The second problem is easily as serious, and just as fundamental. If it’s true that interpretation necessarily simplifies, performance necessarily complicates — enriches, adds, transforms — the text. But even that’s not quite accurate. As a generation of performance theorists has elaborated, a performance of a play is not actually a performance of the play. A show is a show is a show. It functions according to a very different set of rules than a text; it uses very different sign systems than a text; it exists in a very different medium than a text; and it is received by its audience in very different ways than a text is received by its reader. Saying that a production “translates” a script into a performance is inadequate. A performance and a script have things in common, of course, and the script can, under certain conventions, limit what a performance can do. But that’s about it. To think about performances as mere interpretations, and to judge them according to their ability to realize the “vision” of the author of a text, is not just badly reductive, it’s a meaningless exercise. It requires ignoring a huge array of sensory information that no author’s text could ever anticipate or dictate (even as controlling a text as, say, Beckett’s Not I does not prescribe the exact length of pauses; the quality of voice; the sound of breath; the exact light levels in the theatre; the shape of the actor’s mouth; the precise accent; the cultural resonance of that accent; the cultural resonances of the specific actor’s voice; the levels of heat in the theatre; the behaviour of the audience; the noises from elsewhere in the theatre, the auditorium, and the outside; the smells in the theatre; and so on — but all of those and many more are unavoidably part of the show).

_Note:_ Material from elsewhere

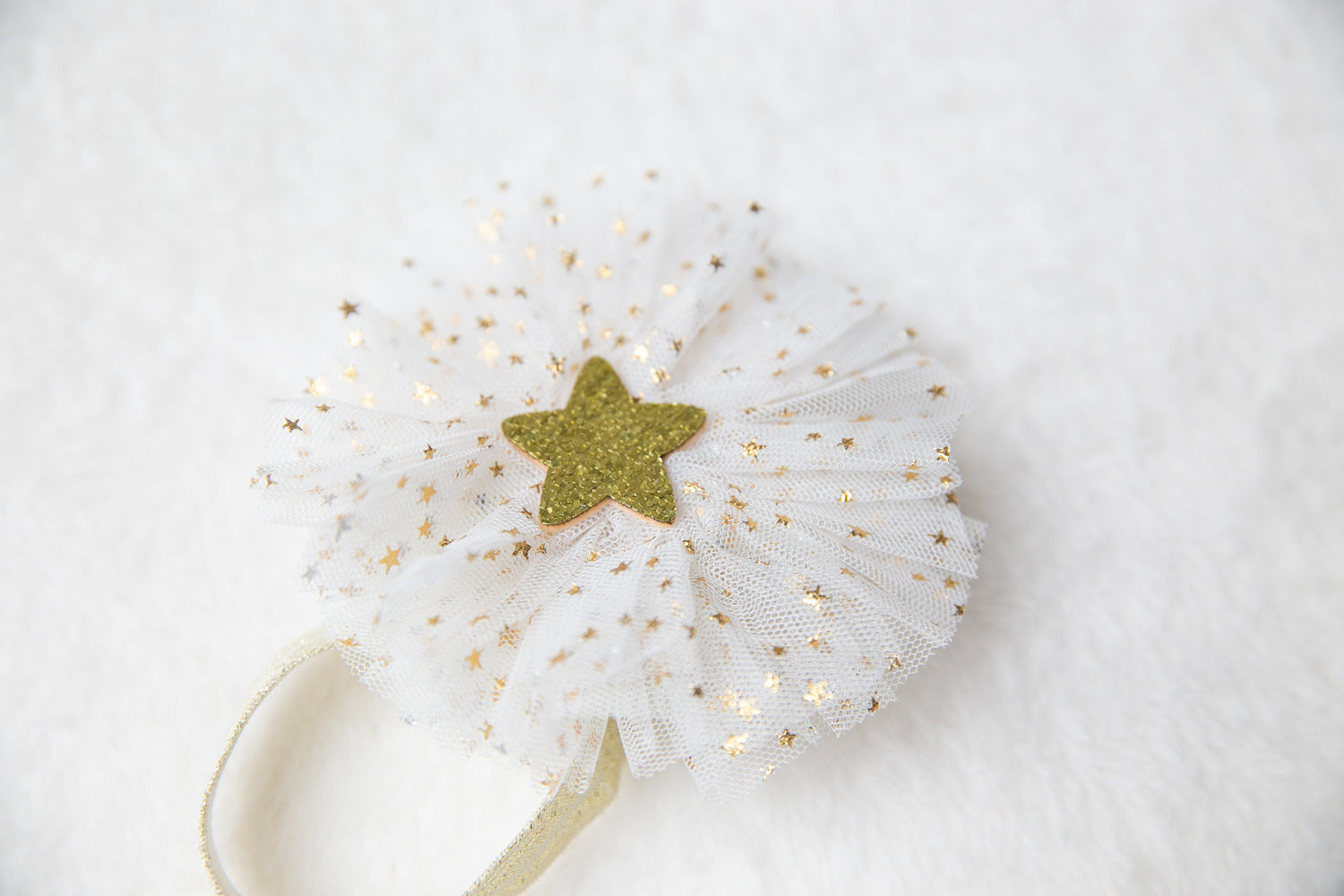 Golden star lace baby headband, toddler headwear headband, newborn headband photography props, one size fits all yellow headband
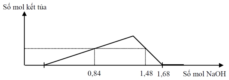 Khi nOH- = 1,68 mol: Kết tủa bị hòa tan hoàn toàn: nOH- = nH+ + 4.nAl3+

Thinking of theatre as an author’s medium means reducing most of what theatre does to the status of paper and ink.

Now, none of this is to say that it’s pointless to think about how a particular production relates to its script. But to judge a production based on its purported success in transporting an author’s alleged vision is not so much reductive (although it is that) as pointless. After all, if a performance finds its ultimate justification in its ability to be absolutely true to its text, then why bother performing — and why bother watching performances? If texts are that powerful, then why not just read the text? If playwrights’ visions are this important, then why interpose so many mediating bodies, images, and sounds between author and audience? If all one wants is a clearly audible signal, why spend so much time and money on theatrical noise?

2 Responses to Performance and Authorship

  1. Alex Istudor says:

    This reminded me of what Peter Brook was saying – a loooooong time ago, but it seems to me some people are going backwards, reviving some old theatre clichés): ‘when I hear a director speaking glibly of serving the author, of letting a play speak for itself, my suspicions are aroused, because this is the hardest job of all. If you just let a play speak, it may not make a sound.’ the empty space, p. 43. He spoke of the ‘deadly theatre’ 50 years ago, and, still, it seems to me that this is the best concept that describes the Anglo-American theatre (ok, let’s say 80% of it): museum theatre.